In the given figure, ABC is a triangle. DE is parallel to BC and $\dfrac{AD}{DB} = \dfrac{3}{2}$.

(i) Determine the ratios $\dfrac{AD}{AB} \text{ and } \dfrac{DE}{BC}$.

(ii) Prove that △DEF is similar to △CBF. Hence, find $\dfrac{EF}{FB}$.
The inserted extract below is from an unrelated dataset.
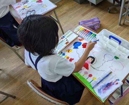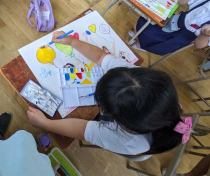 2年生になってから、個人絵の具の学習を始めています。新しい画材にわくわくしながら、学習しています。
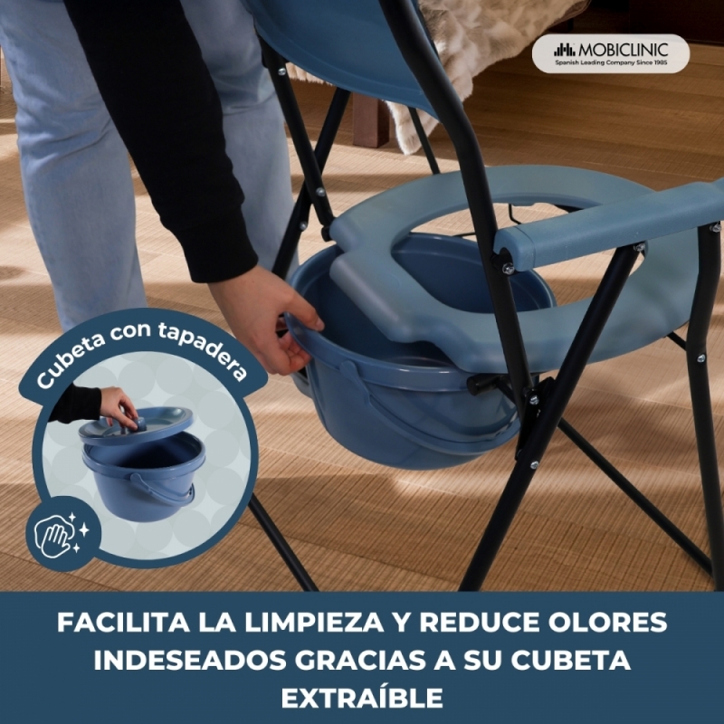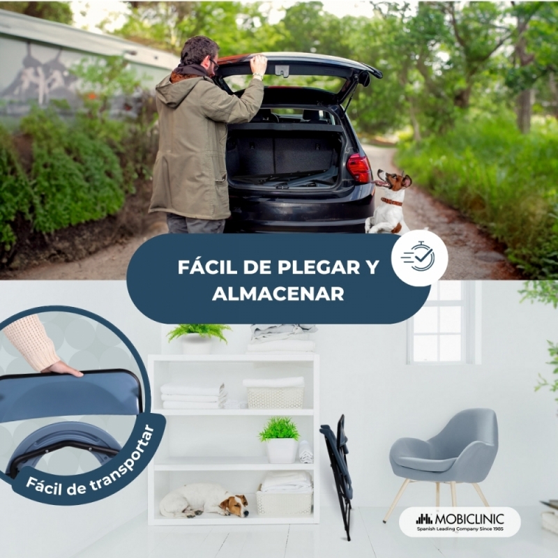 PLEGABLE: podrás transportar esta silla con WC fácilmente y apenas te ocupará espacio en tu hogar gracias a su sistema de plegado

(iii) What is the ratio of the areas of △DEF and △BFC?

(i) Given,

$\dfrac{AD}{DB} = \dfrac{3}{2}$

Let AD = 3x and BD = 2x.

From figure,

AB = AD + DB = 3x + 2x = 5x.

$\dfrac{AD}{AB} = \dfrac{3x}{5x} = \dfrac{3}{5}$.

In △ADE and △ABC,

∠A = ∠A [Common]

∠ADE = ∠ABC [Corresponding angles are equal]

∴ △ADE ~ △ABC [By AA]

Since, corresponding sides of similar triangle are proportional to each other.

$\therefore \dfrac{DE}{BC} = \dfrac{AD}{AB} = \dfrac{3}{5}$ ………..(1)

Hence, $\dfrac{AD}{AB} = \dfrac{DE}{BC} = \dfrac{3}{5}$.

(ii) In △DEF and △CBF,

∠FDE = ∠FCB (Alternate angles are equal)

∠DFE = ∠BFC (Vertically opposite angles are equal)

∴ △DEF ~ △CBF [By AA]

Since, corresponding sides of similar triangle are proportional to each other.

$\therefore \dfrac{EF}{FB} = \dfrac{DE}{BC} = \dfrac{3}{5}$

Hence, $\dfrac{EF}{FB} = \dfrac{3}{5}$.

(iii) We know that,

The ratio of the areas of two similar triangles is equal to the ratio of squares of their corresponding sides.

$\therefore \dfrac{\text{Area of △DFE}}{\text{Area of △CBF}} = \dfrac{EF^2}{FB^2}\\[1em] = \dfrac{3^2}{5^2} = \dfrac{9}{25}.$

Hence, ratio of the areas of △DEF and △BFC = 9 : 25.